Patients received either intravenous furosemide (500 to 1000 mg) plus hypertonic saline solution bid or the IV furosemide bid alone. Treatment lasted four to six days. Body weights were followed. Brain natriuretic peptide plasma levels were measured on hospital days one and six, as well as 30 days after discharge.
The group receiving hypertonic saline solution had brow-raising results. They had a significant increase in daily diuresis and natriuresis (p<0.05), a difference in brain natriuretic peptide levels on days six and 30, a reduction in their length of stay, and a decrease in their hospital readmission rate.
This is a provocative study. At this time the mechanism responsible for the results is unclear. Paterna, et al., offer multiple explanations. One possibility is through the osmotic action of hypertonic saline solution. It may hasten the mobilization of extravascular fluid into the intravascular space and then this volume is quickly excreted.

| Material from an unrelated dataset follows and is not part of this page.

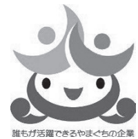
誰もが活躍できるやまぐちの企業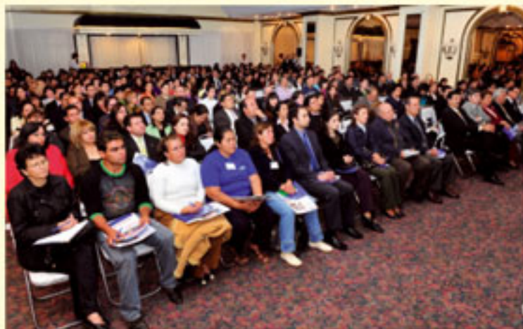
Más de setecientas personas participaron del encuentro.

Also, hypertonic saline solution may increase renal blood flow and perfusion alternating the handling of sodium and natriuresis while also allowing the concentration of furosemide in the loop of Henle to attain a more desirable level.
Should these results hold true in other investigations and the inclusion criteria loosen (measuring patients urine volume and sodium concentration for 24 hours prior to admission may not be easy or practical) then we might have a very inexpensive new method for treating refractory CHF.

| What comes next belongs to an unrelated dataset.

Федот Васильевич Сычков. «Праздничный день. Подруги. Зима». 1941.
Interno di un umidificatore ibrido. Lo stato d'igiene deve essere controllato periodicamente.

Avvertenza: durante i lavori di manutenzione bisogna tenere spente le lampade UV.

PERIOPERATIVE BETA-BLOCKERS: HELPFUL OR HARMFUL FOR MAJOR NONCARDIAC SURGERY?
Lindenauer P, Pekow P, Wang K, et al. Perioperative beta-blocker therapy and mortality after major noncardiac surgery. N Engl J Med. 2005;353:349–361.
Among the most common reasons that hospitalists are consulted is the “perioperative evaluation.” This is with good reason because 50,000 patients each year have a perioperative myocardial infarction. A statement by the Agency for Health Care Research and Quality proclaims that we have “clear opportunities for safety improvement” in regard to using beta-blockers for patients with intermediate and high risk for perioperative cardiovascular complications. The American Heart Association and the American College of Cardiology recommend using these medications in patients with either risk factors for or known coronary artery disease when undergoing high-risk surgeries. Despite all of this the efficacy of the class has not been proven by large randomized clinical studies.

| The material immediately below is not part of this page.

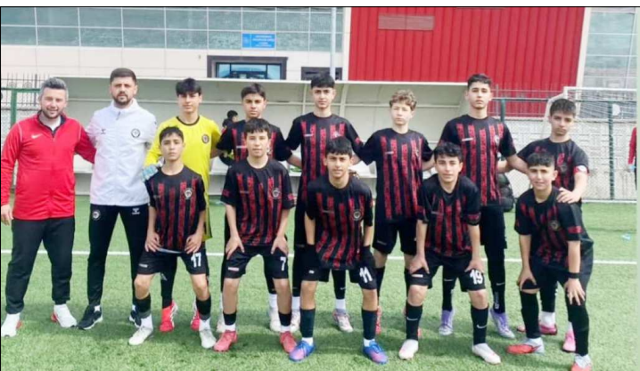
Arca Çorum FK B grubunu şampiyon tamamladı.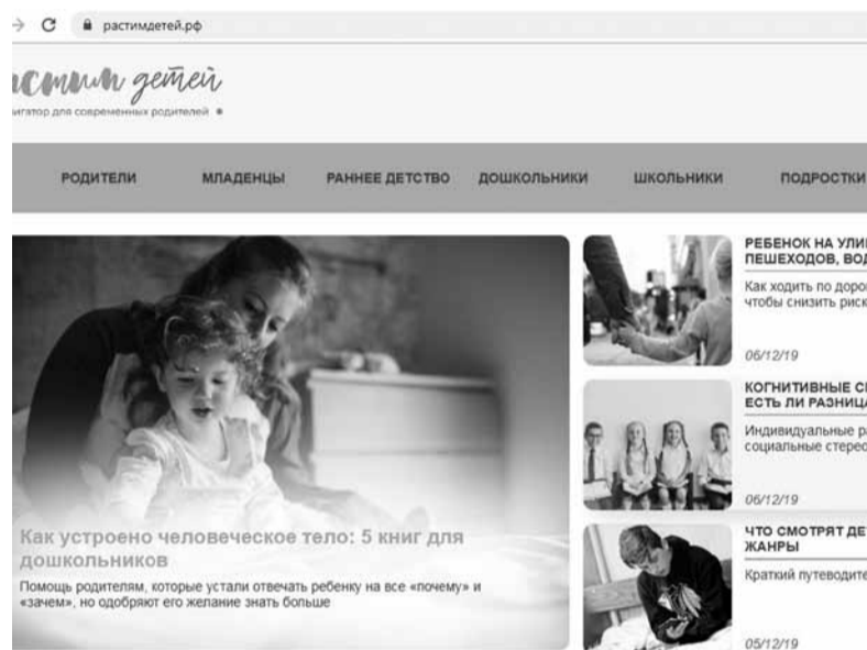
СКРИНШОТ С САЙТА РАСТИМДЕТЕЙ.РФ

Уже сейчас портал включает более 200 полезных экспертных материалов на темы, интересующие родителей. Кроме того, чтобы быть в курсе новостей в сфере детского развития и воспитания, родители могут подписаться на еженедельную рассылку на сайте растимдетей.рф .

Using a large national registry of more than 300 U.S. hospitals, Lindenauer, et al., conducted a large observational study evaluating beta-blockade in the perioperative period in patients undergoing major noncardiac surgery. Looking at more than 700,000 patients, they found that 85% had no recorded contraindication to beta-blockers. Only 18% of eligible patients received beta-blockers (n=122, 338).
Patients were considered to have had a beta-blocker for prophylaxis if it was given within the first 48 hours of their hospitalization, though this may or may not have been the intended use (this information was not provided by the registry data base). Only in-hospital mortality was evaluated as postdischarge information was not available. All patients had a revised cardiac risk index configured. This index places risk on perioperative cardiac events by looking at the nature of the surgery as well as whether or not a history of congestive heart failure, ischemic heart disease, perioperative treatment with insulin, an elevated preoperative creatinine, and cerebrovascular disease are present. An increasing score means that major perioperative complications become more likely (scores range from 0–5).